Member of the Kansas House of Representatives from the 87th district
- In office 2011–2013
- Preceded by: Raj Goyle
- Succeeded by: Mark Kahrs

Member of the Kansas House of Representatives from the 88th district
- In office 2015–2017
- Preceded by: Patricia Sloop
- Succeeded by: Elizabeth Bishop

Personal details
- Born: March 18, 1974 (age 52)
- Party: Republican
- Spouse: Melissa E. Scapa

= Joseph Scapa =

American politician

Joseph Brian Scapa (born March 18, 1974) is an American politician who served in the Kansas House of Representatives as a Republican from 2011 to 2016.

He was originally elected in the 87th district in 2010, facing no opposition in the primary and winning a relatively easy general election victory 65% to 35% over Democrat Om Chauhan.

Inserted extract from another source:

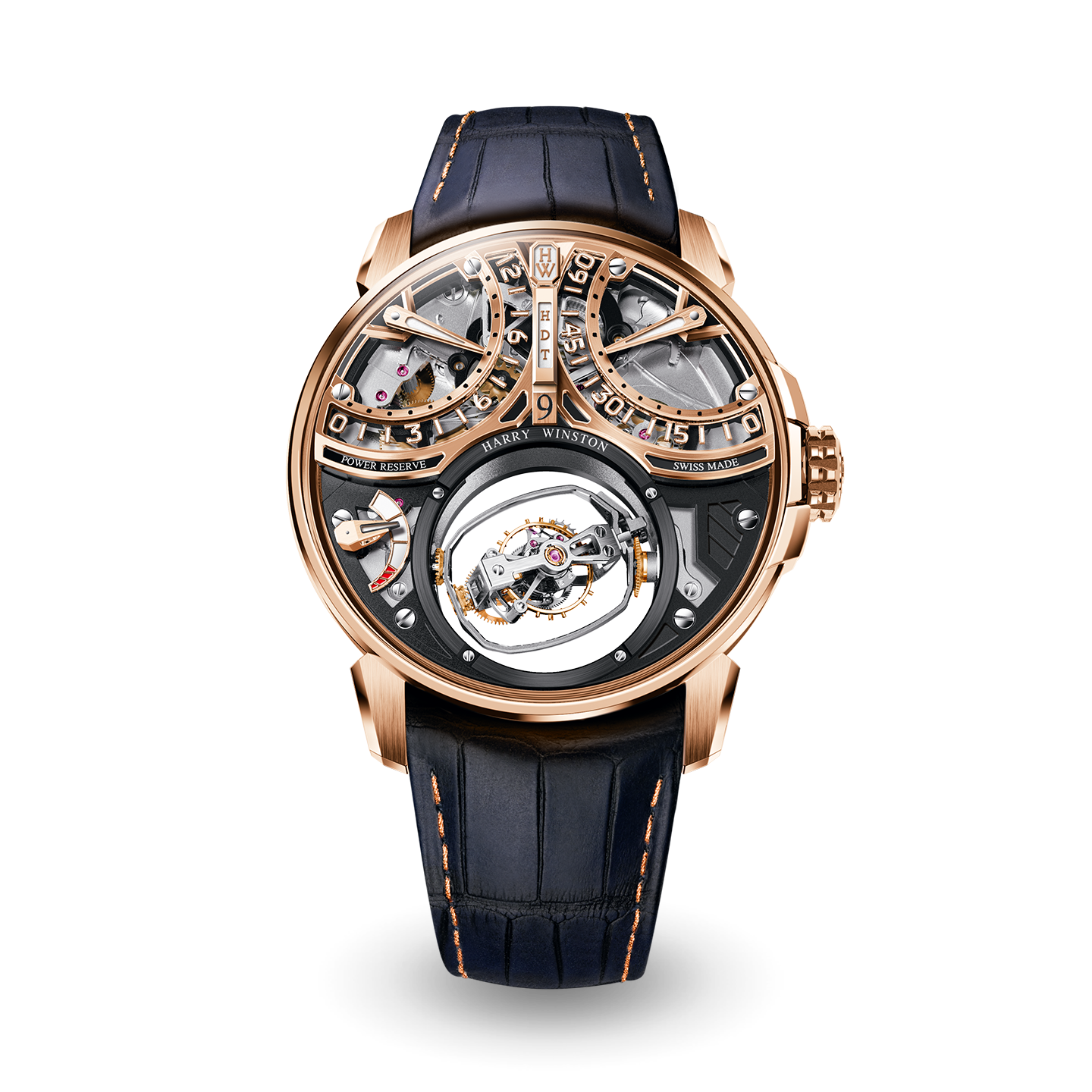 True to the highly mechanical and skeletonized style of Harry Winston’s grand complications, Histoire de Tourbillon 9 plays with volume, symmetry, and transparency, following principles of design that break with convention. Casting a new light on fine watchmaking innovation, its triaxial tourbillon has been augmented with retrograde jumping hours and retrograde minutes.

In 2012, redistricting changed district lines and Scapa ran in the 88th district. He once again faced no opposition in the primary, but this time lost the general election in a narrow 53%-47% race to Patricia Sloop. In 2014, Scapa made a comeback, challenging Sloop again and winning with 50.2% of the vote. He ran for re-election in 2016, but lost to Democrat Elizabeth Bishop, in his final election as of 2023.